Sounds like it was an enjoyable event, Natalie. It's alwasy great to be able to show one's work - I just wish I could have been there.

Natalie d'Arbeloff said...

It would have been wonderful to see you there, Marja-Leena. Maybe another time?

Dick said...

Good to know it all went well, Natalie. And that's a fine declaration at the beginning of your account of the event. Indeed, we do have to continue to be and to do in the face of the world's worst manifestations.

Natalie d'Arbeloff said...

Dick, a so-called parochial view might be the only defense against being overwhelmed although the awareness that we are all interconnected can never be entirely blacked out.

Jonathan said...

Natalie, what you create is what is right in the world!
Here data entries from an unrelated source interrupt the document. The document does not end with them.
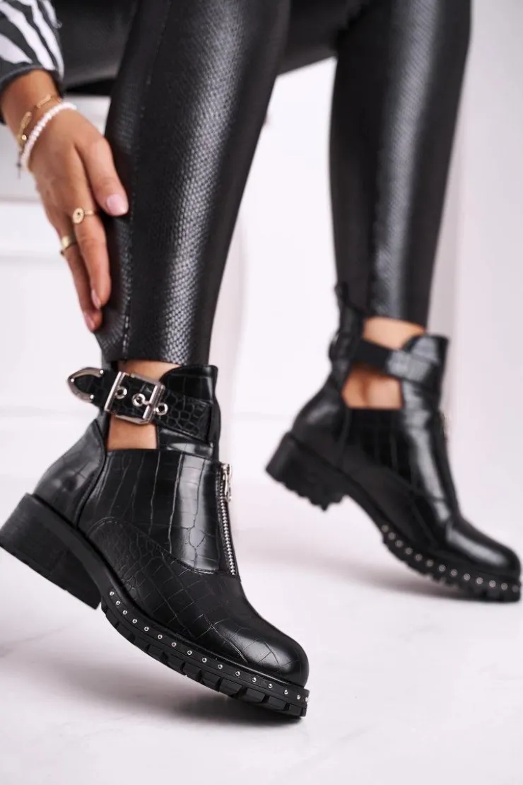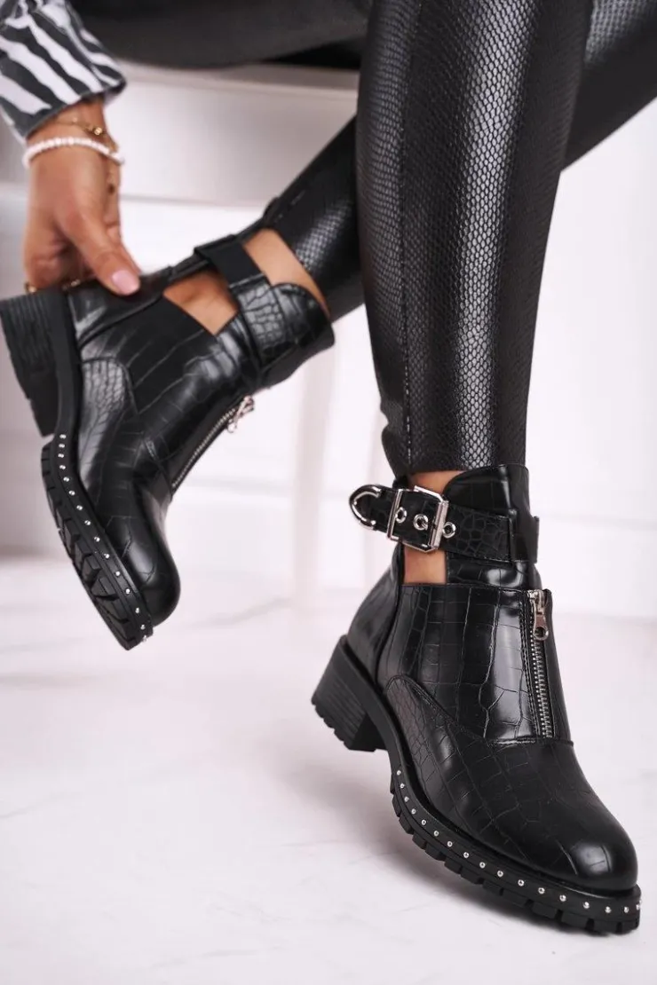 Jeśli chcesz zabłysnąć w świecie mody lub po prostu pokazać się z jak najlepszej strony, to te botki będą idealną propozycją dla Ciebie. Bardzo wyczekiwane przez wiele kobiet! Wyglądają bardzo efektownie, zastosowanie regulowanej klamry na boku oraz suwaka na przedniej części cholewki to strzał w 10! Wierzch wykonany ze skóry ekologicznej z imitacją skóry krokodyla. Posiadają unikalny design – są częściowo wykrojone na wysokości kostki, przez co wyglądają niesamowicie. Rockowy styl na wyciągnięcie ręki! Nie czekaj dłużej i kup teraz, póki jeszcze są dostępne! Przy wyborze rozmiaru prosimy sugerować się tabelą rozmiarów.
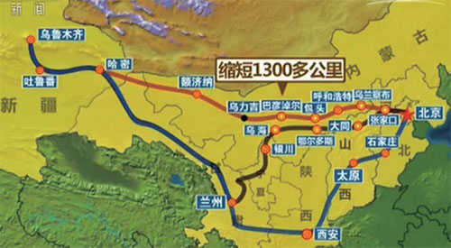 图:路线示意,最上连线(东西走向)为G7京新高速
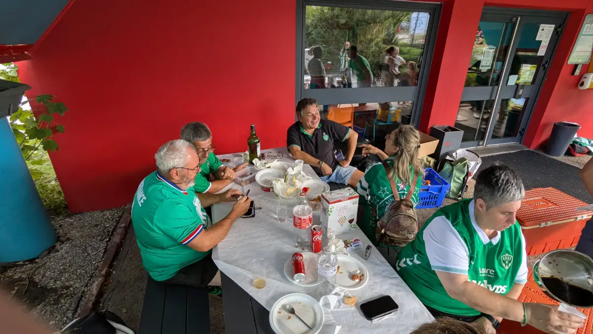 Le réveil sonne à peine, mais les visages sont déjà illuminés. 18 membres de la section 109, plus quelques renforts, se pressent autour des véhicules. Direction : Saint-Étienne, pour le premier déplacement de la saison. « Allez, on part ! Mirepoix, Bram, Narbonne… Personne ne reste sur le carreau ! » lance un membre en claquant la portière. Dans la brume matinale, une certitude : aujourd’hui, le peuple vert se met en marche.

I'm glad to be connected to you, your show, and your work through your blog posts. Don't apologize! I wish we could have been there.
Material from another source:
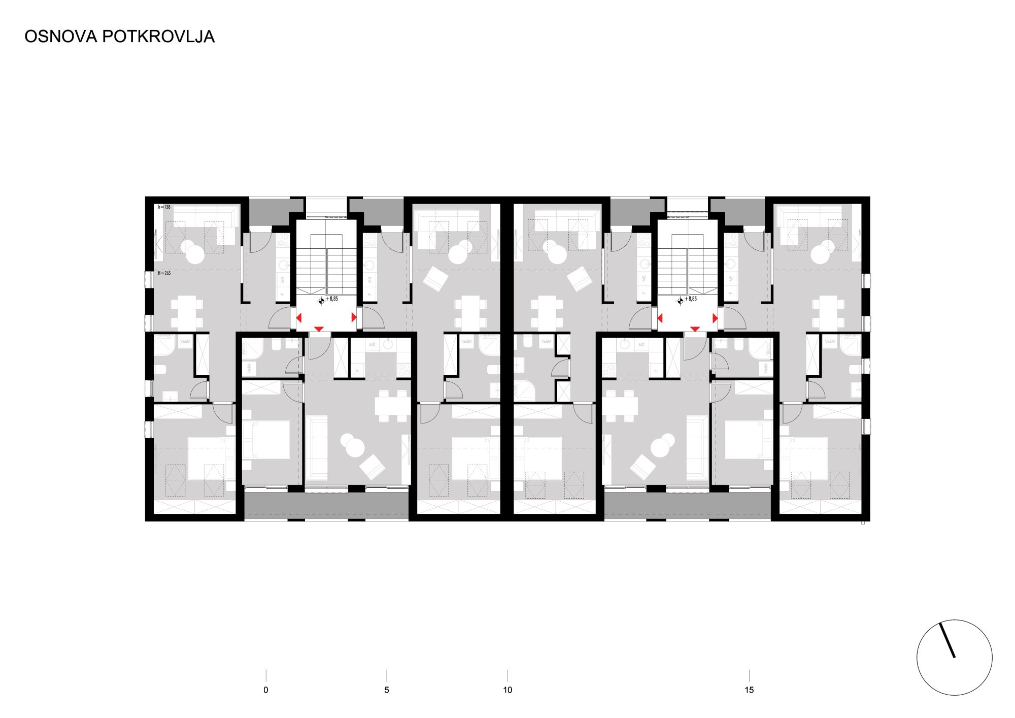 S obzirom da su u pitanju dve nezavisne katastarske parcele, istovetnih dimenzija i površina, formirana su dva objekta sa istim brojem rezidencijalnih jedinica, projektovani kao objedinjena arhitektonska celina, čime je formiran arhitektonski niz dvojnih višeporodičnih rezidencijalnih objekata.
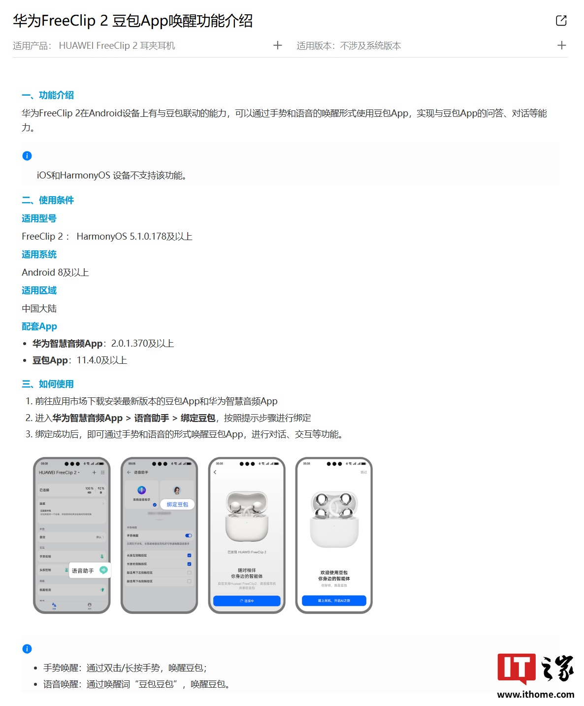 IT之家 1 月 25 日消息,华为官网显示,华为 FreeClip 2 耳夹耳机在 Android 设备上有与豆包联动的能力,可以通过手势和语音的唤醒形式使用豆包 App,实现与豆包 App 的问答、对话等能力(iOS 和 HarmonyOS 设备不支持该功能)。

Natalie d'Arbeloff said...

Jonathan, that's a very heartening thought, thank you!

Tom said...

Yet how we feel and think about what we may choose to call trivia, affects our approach to the bigger events in life. In the grand order of things, who is to say what is the more important, the close, immanent experiences or the more transcendent ones? They're all important and interconnected.
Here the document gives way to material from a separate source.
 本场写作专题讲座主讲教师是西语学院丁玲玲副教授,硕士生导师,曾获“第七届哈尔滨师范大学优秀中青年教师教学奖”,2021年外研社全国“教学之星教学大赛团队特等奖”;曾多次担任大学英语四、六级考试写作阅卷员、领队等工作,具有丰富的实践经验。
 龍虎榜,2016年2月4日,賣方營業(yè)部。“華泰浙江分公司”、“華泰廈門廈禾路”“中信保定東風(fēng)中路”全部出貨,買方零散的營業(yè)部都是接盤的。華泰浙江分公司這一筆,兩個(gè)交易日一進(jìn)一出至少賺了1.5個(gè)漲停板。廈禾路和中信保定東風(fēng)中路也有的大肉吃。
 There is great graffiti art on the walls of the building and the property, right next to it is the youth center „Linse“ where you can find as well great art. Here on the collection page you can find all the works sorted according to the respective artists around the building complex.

Natalie d'Arbeloff said...

Tom,I completely agree and thank you for reminding me. It's just that every so often, the weight of all the tragedies taking place every minute everywhere seems to threaten the lightness and joy of being.

Clive Hicks-Jenkins said...

The two people in the right hand corner of the photograph are Rosemary and Charlie Burton, both of them artists who show with the Martin Tinney Gallery in Cardiff. You ask and I answer!

Natalie d'Arbeloff said...

Thanks for the identification, Clive. I wish I'd had a chance to talk with them but somehow time just flew by and then it was all over. I also wish you'd been there so that at last we would have met in the real world!